A trendy community built upon a former tidal marsh, the South End, composed of appealingly uniform rows of five-story townhouses, is constructed mostly of mid-nineteenth century bowfronts or bay windows decorated with iron railings and tiny gardens enclosed by iron fences, and handful of small green parks, mostly with a fountain in the middle, throughout the area. The structures, primarily made of red bricks, are commonly designed with Renaissance Revival, Italianate and French Second Empire style. Greek Revival, Egyptian Revival, Gothic Revival, and Queen Anne style houses are also distinguishable around the district. In spite of the various styles, a common combination of red brick, slate, limestone or granite trim, and cast iron railings present an interesting unified look in the surrounding.

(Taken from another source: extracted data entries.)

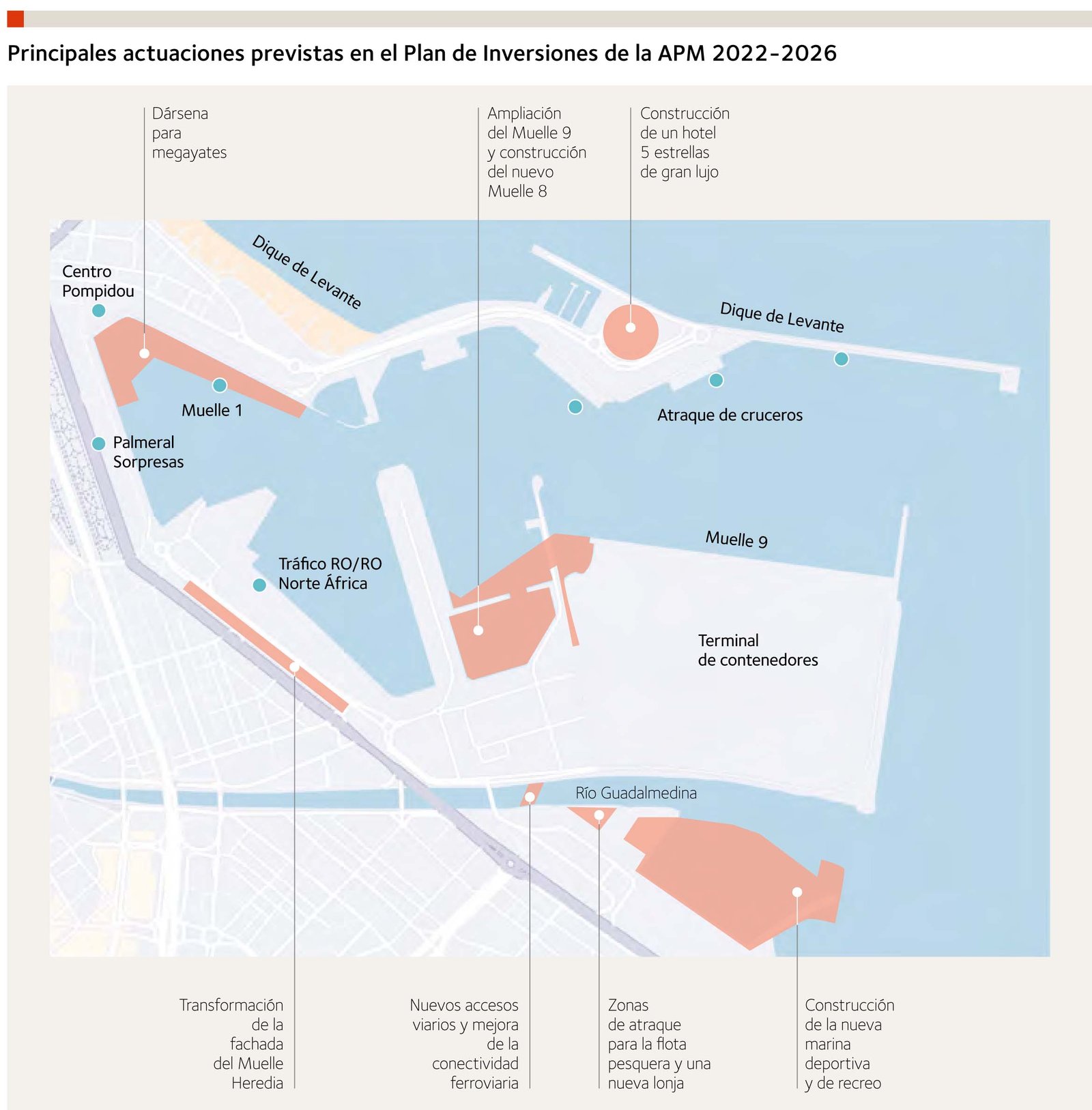 • La transformación de la fachada del Muelle Heredia a fin de crear nuevas instalaciones destinadas a fomentar la atracción de grandes sedes de empresas tecnológicas y de servicios interesadas en posicionarse en el centro de la ciudad, permitiendo además extender la peatonalización y la apuesta del Puerto por una movilidad sostenible mediante la construcción de una gran avenida que permitirá conectar el río Guadalmedina con el inicio del Palmeral de las Sorpresas en el Muelle Dos.
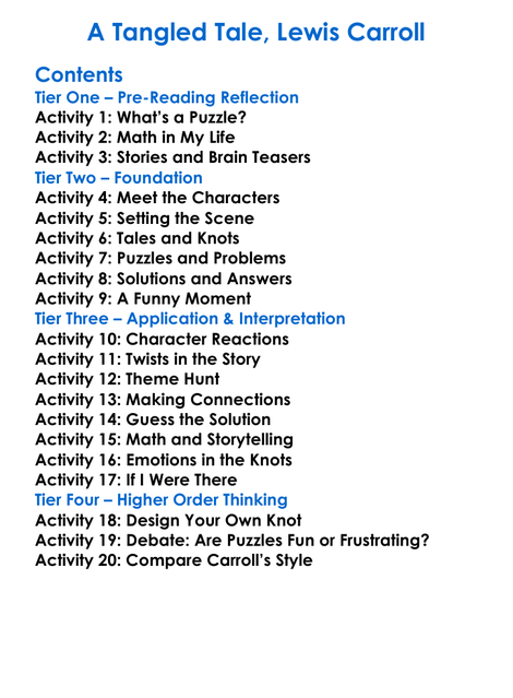 A Tangled Tale Lewis Carroll Worksheet Activity Booklet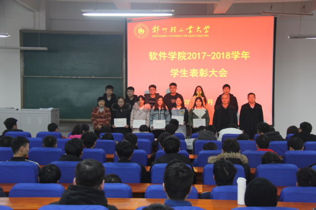 1月9日下午,软件学院2017-2018学年学生表彰大会在科学校区软件楼219室成功召开。学院党政领导、全体辅导员老师和获奖学生等近300人参加了会议。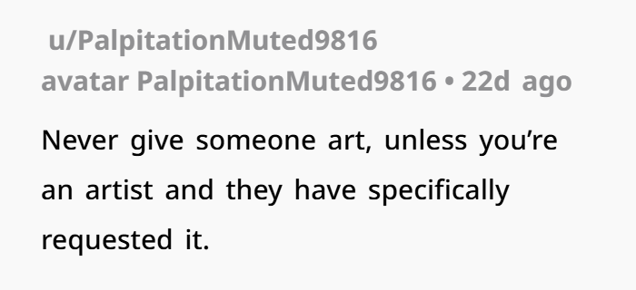 - Ask for his view: “I’m wondering how you see the gift now? Do you like it? Would you like to hang it? If not, is it okay if I keep it somewhere else knowing you appreciated it anyway?”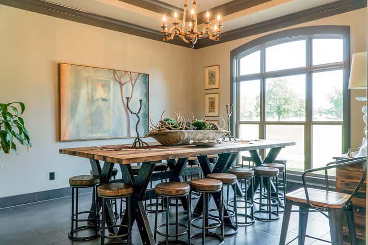 The exterior of the home speaks the language of modern Prairie design: a low-profile silhouette, broad eaves, strong horizontal lines and extensive glass. A U-shaped form creates a welcoming front elevation while wrapping around to embrace the courtyard. The 3-car garage sits naturally integrated into the design, keeping the façade clean and the priority on the home’s living spaces.

Eleven residential parks, mostly elliptical in form, are positioned across the South End fused with inactively used small greenery set in the middle. Inspired by English residential squares, these parks differ in size and mostly consist of a central fountain and enclosed with cast iron fencing.

The charming community of the South End attracted well-off young families including business owners, two mayors, bankers, and industrialists and started a ?wealthy neighborhood? but was somewhat short-lived. However, due to the development of new residential housing in Back Bay and Roxbury and a series of financial crisis, by the close of the nineteenth century, most of the original residents had moved out South End and their private homes were converted into tenements and lodging-houses. This event first lure new immigrants and, in the 1940s, single gay men who thought of the possibility of living discreetly in the various male or female only lodging houses. The South End also became a center of African-American middle class Boston life and culture that made the area famous for its jazz clubs. Other residents of the South End are a large number of Pullman Porters who dwelled mostly between Columbus Avenue and the railroad bed. These residents make for diverse characteristics of the South End today.